На домашнем компе (Windows 7) инет приходит по витой паре, с внешним постоянным ИП, от этого компа по вайфаю инет доходит до ноута, и эти две локальные сети как-то воюют между собой, например, чтобы создать сервер counter-strike по интренету, приходится отключать WiFi, запускать сервер и включать WiFi обратно, иначе сервер создается внутрисетвой между двумя компами. Если с ноута подключиться к этому серверу, то больше никто не может зайти на него с инета, и комп мой из инета не пингуется, хотя инет есть, если с ноута отключиться от сервера, то с инета сразу могут зайти. Может можно как-то выбрать основную и второстепенную локальную сеть?

----------


## Микола

Купи свич и не парься это по второй теме,а на счет первой возможно сильные помехи,или по usb удленителю возможно не хватает питания попробуй через хаб

----------


## cTygeHT

> Купи свич и не парься это по второй теме...

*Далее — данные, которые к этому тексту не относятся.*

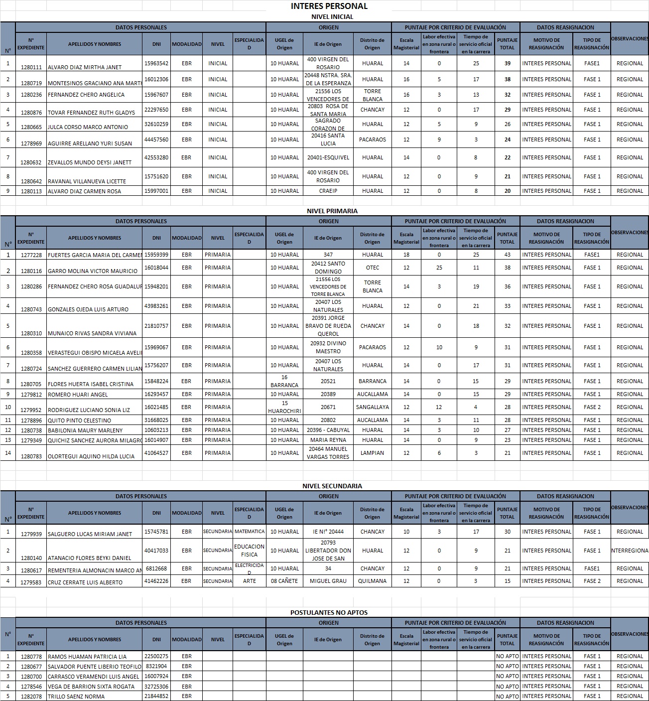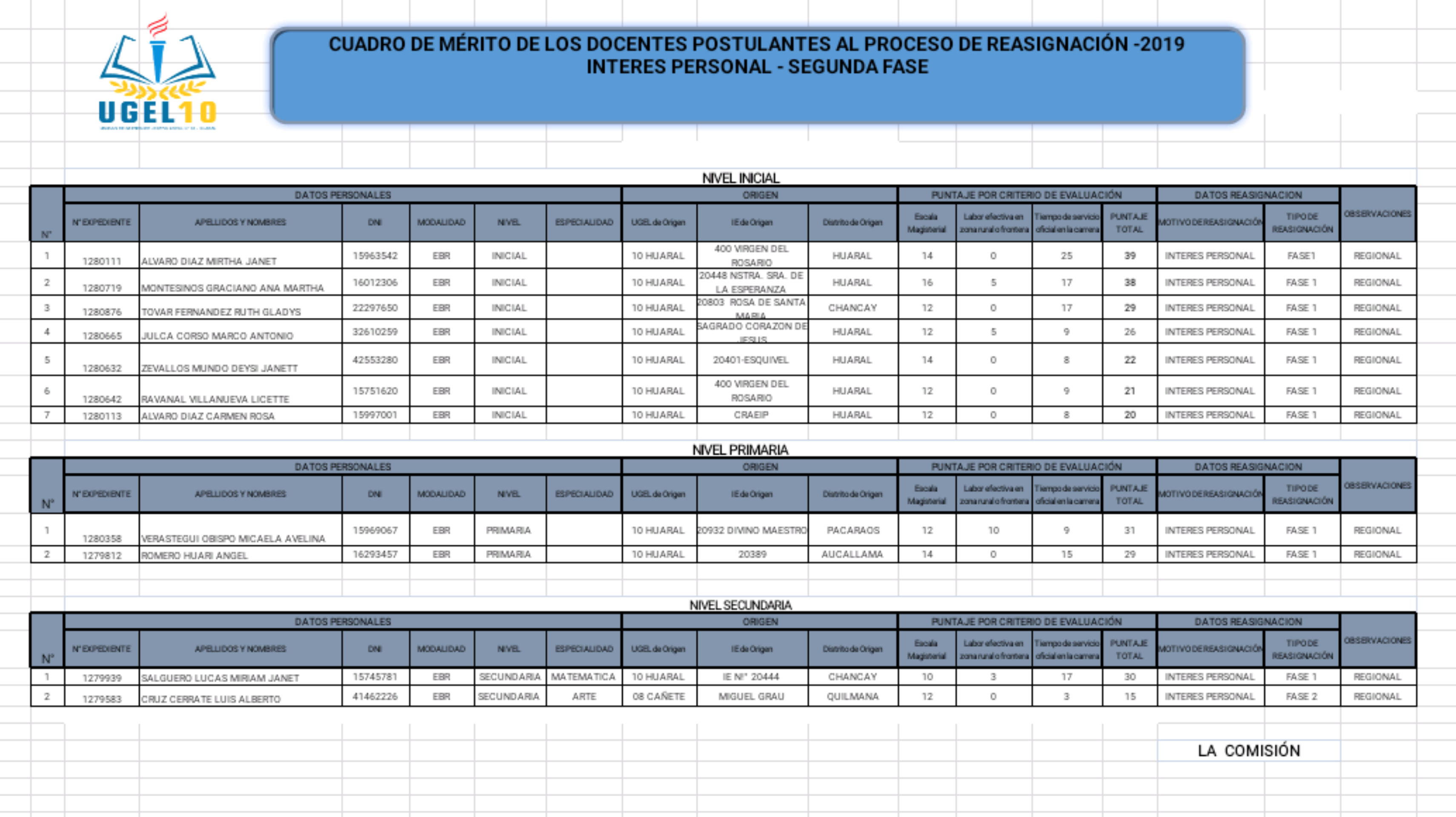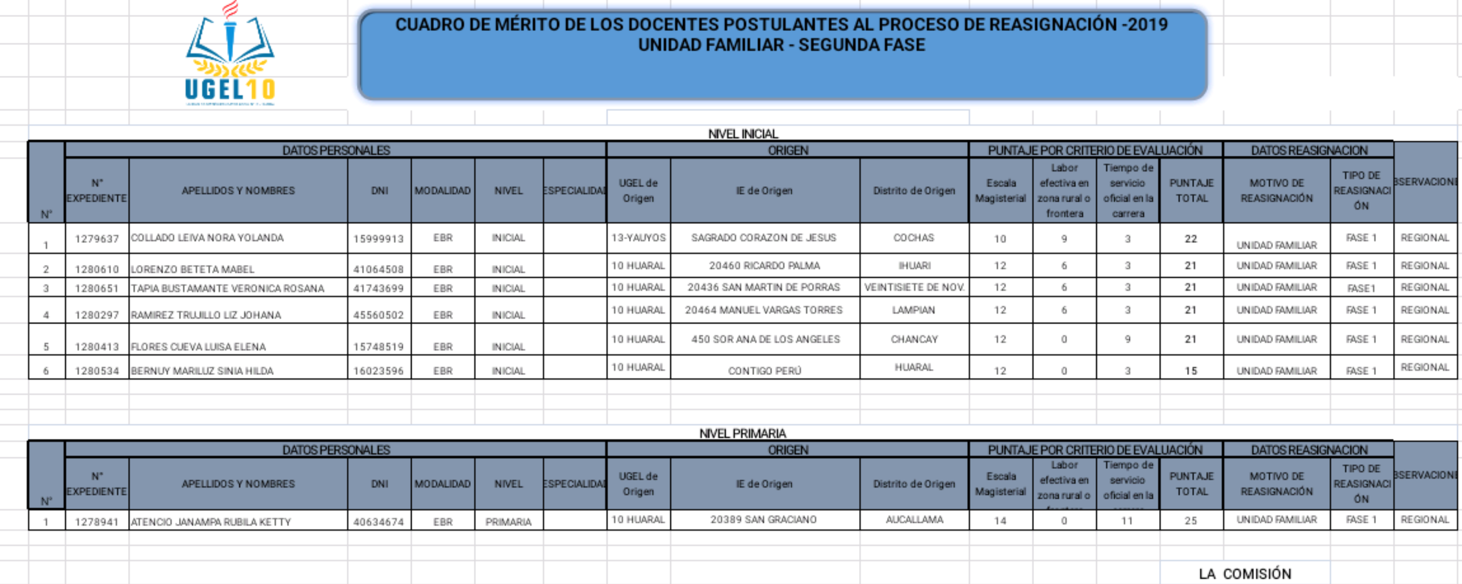 Continuando con la fase 2 del proceso de reasignación docente 2019, la Ugel 10 publica los cuadros de méritos de reasignación por unidad familiar e interes personal.

Свич не хочу по нескольким причинам, во-первых цена немного кусается :) , во-вторых имею внешний ИП и http сервер на компе, если через свич, то на обоих компах получится внутрисетевые ИПы и сервер не будет доступен из инета, да и из локалки провайдера тоже :confused:




> ...а на счет первой возможно сильные помехи,или по usb удленителю возможно не хватает питания попробуй через хаб


Ты имеешь ввиду хаб на другом конце удлиннителя подключить и к нему  WiFi адаптер?

----------


## Микола

Ты имеешь ввиду хаб на другом конце удлиннителя подключить и к нему WiFi адаптер? 


ДА

----------